I forced my eyes to the building across the street, but I couldn't focus.
All I could feel was his hand between my legs, his fingers curling inside me, his thumb pressing against my clit with just the right amount of pressure.
The van's interior faded to a blur of gray and shadow.
The only reality was Lucien's touch and the desperate, climbing need building in my core.
"That's it," he murmured, his breath warm against my ear. He'd leaned closer, his body crowding mine in the passenger seat, his free hand bracing against the dashboard. "Let go. Let me feel you come on my fingers."
His words tipped me over. The orgasm crashed through me—not the explosive, overwhelming peak of our more intense encounters, but something quieter, more intimate.

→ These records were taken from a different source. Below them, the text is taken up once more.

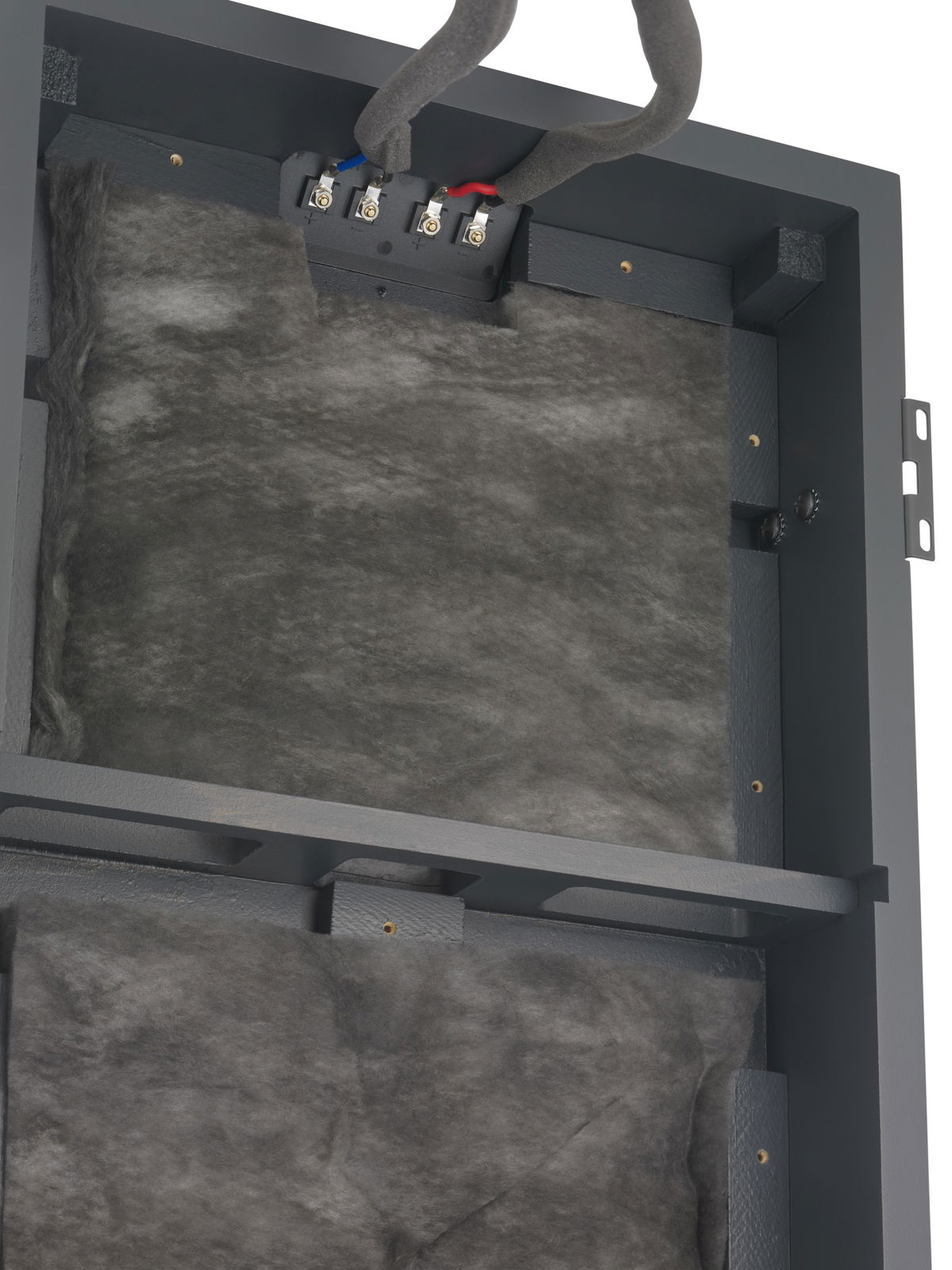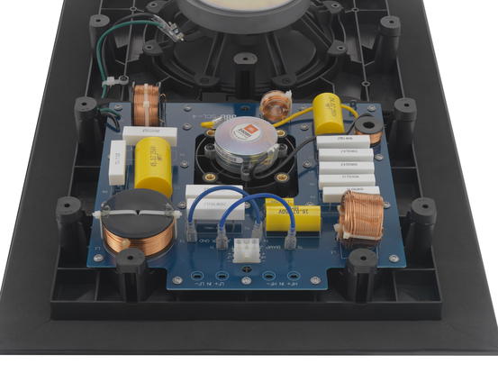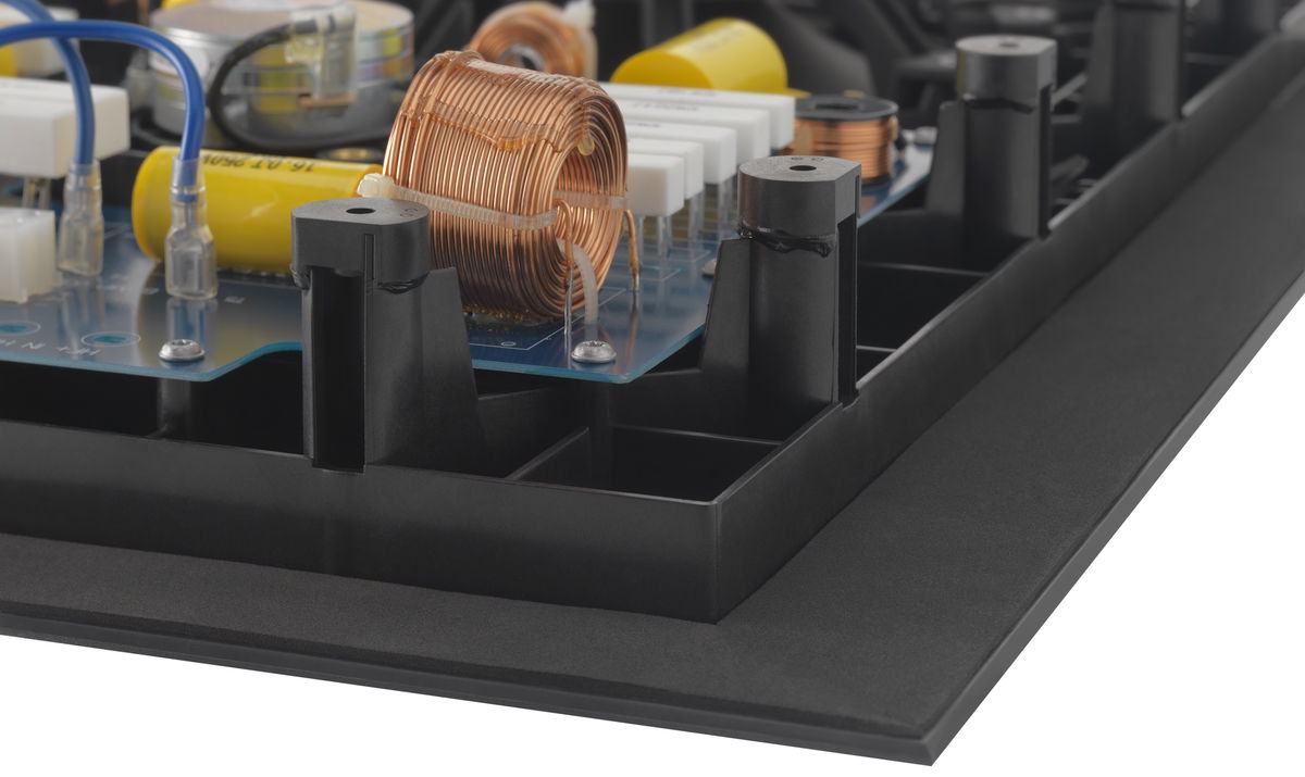 Nedělitelnou součástí dodávky je i samostatná robustní vestavná MDF ozvučnice s montážní hloubkou 102 mm, která je již dostatečně vytlumená a instaluje se za sádrokarton. Pomáhá optimalizovat zvukový výkon a zlepšuje akustickou izolaci od stěny. Díky patentovanému montážnímu systému L-Bracket s rozšířeným rozsahem je instalace reproduktoru jednoduchá a zajišťuje bezproblémové a nerezonující usazení. Z přední strany kryje reproduktory nenápadná bílá magnetická krycí mřížka bez viditelného rámečku. Mřížku lze snadno sejmout a přelakovat na jinou barvu.
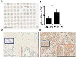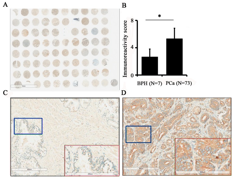 Figure 1. Immunohistochemical staining for TPX2 protein expression in PCa and adjacent benign tissues. (A) The whole scanned image of the tissue array (B) Statistical analyses indicated an increased immunoreactivity score in cancer tissues compared with benign tissues. (C) Enlarged image of BPH tissue indicated that TPX2 was only weakly expressed in benign tissues. Red box demonstrates the blue box at a magnification. (D) Enlarged image of PCa tissue demonstrated that TPX2 was highly abundant in the nucleus and cytoplasm of tumor cells. Red box demonstrates the blue box at a magnification. TPX2, Targeting protein for Xenopus kinesin-like protein 2; PCa, prostate cancer; BPH, benign prostatic hypertrophy. *P<0.05.
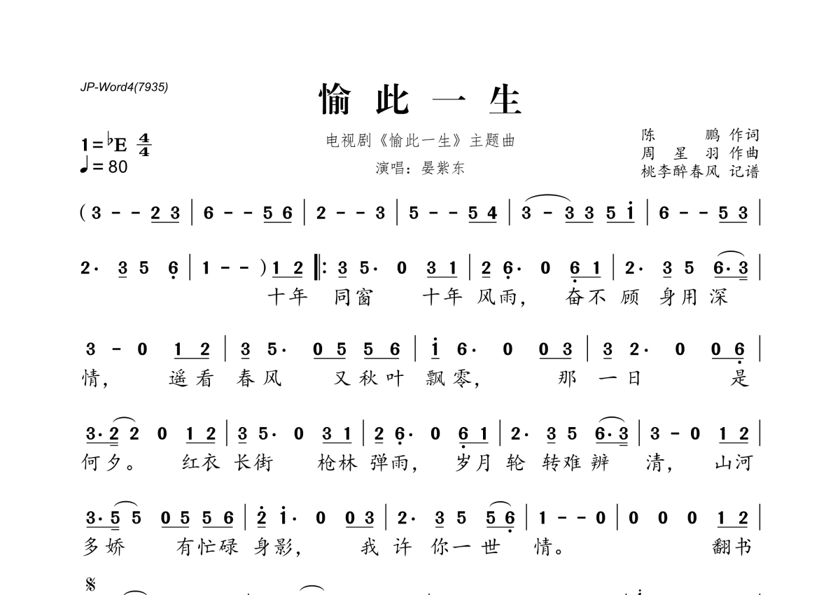 《愉此一生》是晏紫东演唱的一首歌曲,拍号为4/4拍,歌曲速度为每分钟80拍,这份简谱共有一张高清图谱,图谱由 @桃李醉春风 编配上传。
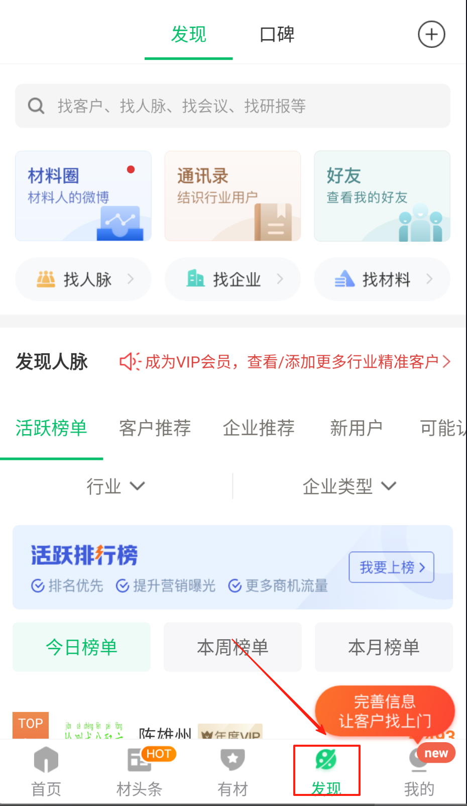 2、在发现页探索融资并购项目库,或参与行业会议拓展人脉资源。
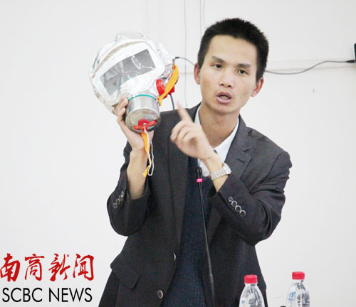 罗昆松重点讲解了防烟面具、灭火器及烟感器等消防工具的使用方法。他指出,在许多火灾事故中,大部分遇难者是被浓烟呛死,因此防烟面具在火灾中则显得尤为重要。为此,罗昆松亲身示范了防烟面具使用步骤及其使用时的一些注意事项。随后,他又讲解了灭火器的各种类型并且向大家示范了灭火器使用的“摇、拨、瞄、压、扫”五大步骤。
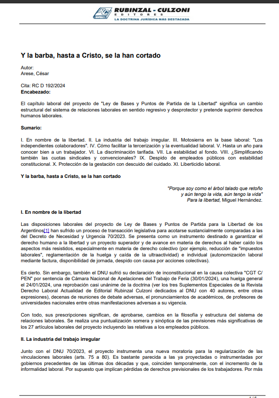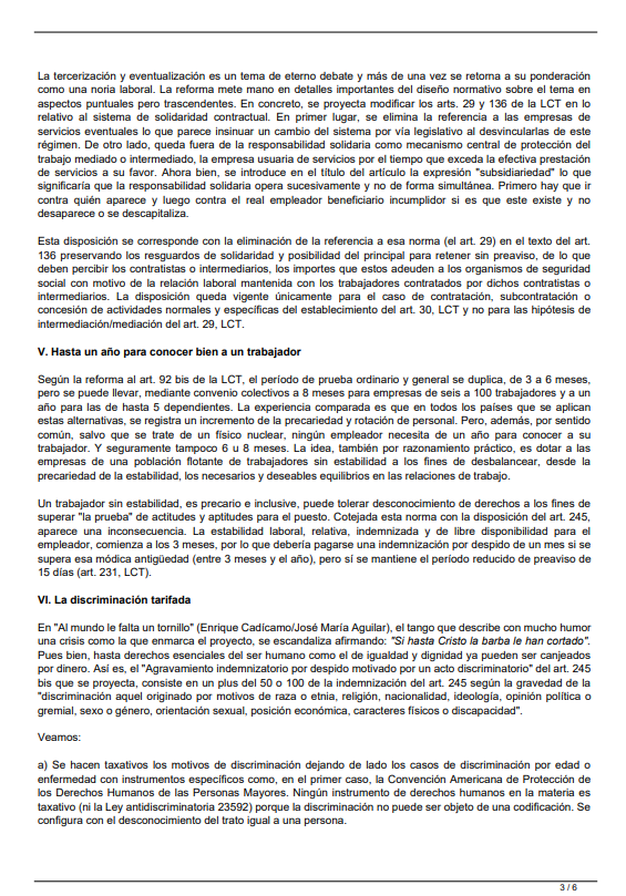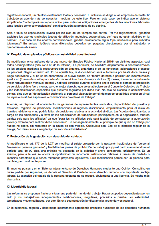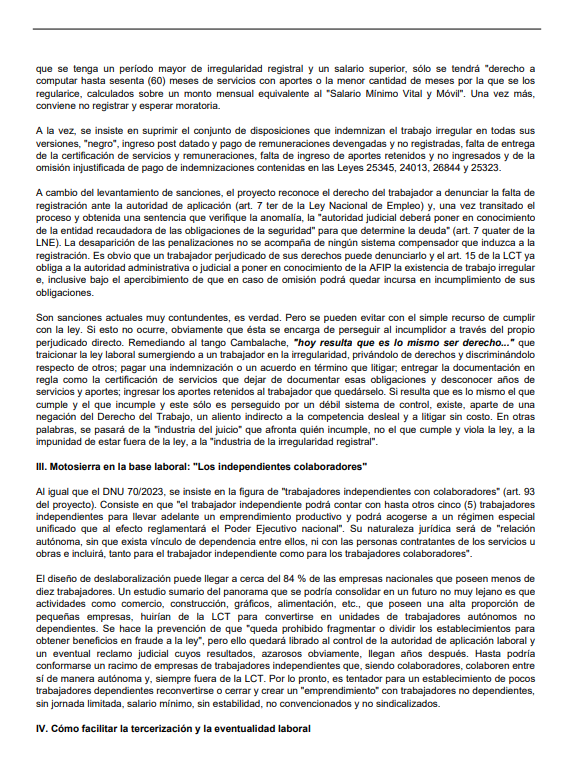 Según el autor César Arese, las disposiciones del proyecto representan un cambio regresivo y desprotector, orientado a suprimir derechos laborales fundamentales.

A release of tension that left me trembling and gasping, my inner walls clenching around his fingers as wave after wave of pleasure rolled through me.
He worked me through it, gentling his touch but never stopping, drawing out every last pulse until I was boneless and sated in the passenger seat.
"Better?" he asked, his amber eyes warm with satisfaction.
I nodded, unable to form words. He withdrew his fingers slowly and brought them to his lips, licking them clean with a deliberate, almost theatrical slowness that made my spent core clench with renewed interest.
"Good." He settled back into his seat, his gaze returning to the building across the street as if nothing had happened. "Now we wait."
I stared at him—at the slight curve of his lips, the satisfied gleam in his amber eyes, the way his hand rested casually on his thigh like he hadn't just finger-banged me to oblivion in a stakeout van.
And I realized, not for the first time, that Lucien's particular brand of care was unlike anything I'd ever experienced.
He wasn't gentle. He wasn't soft. He was rough and possessive and sometimes terrifying in his intensity. But he saw me—really saw me—and he knew exactly what I needed, even when I didn't know myself.
"I love you," I said quietly.
His eyes flickered to me, surprise softening his features. "I know."
"Romantic."
"I'm not romantic. I'm practical." But his hand found mine across the center console, his rough fingers intertwining with my own. "And I love you too. Even if I'm bad at saying it."
"You're not bad at showing it."
He squeezed my hand, and we sat in comfortable silence, watching the door that refused to open, waiting for enemies who might never appear. It wasn't glamorous. It wasn't exciting. But it was ours—this strange, chaotic life we'd built together.
And I wouldn't trade it for anything.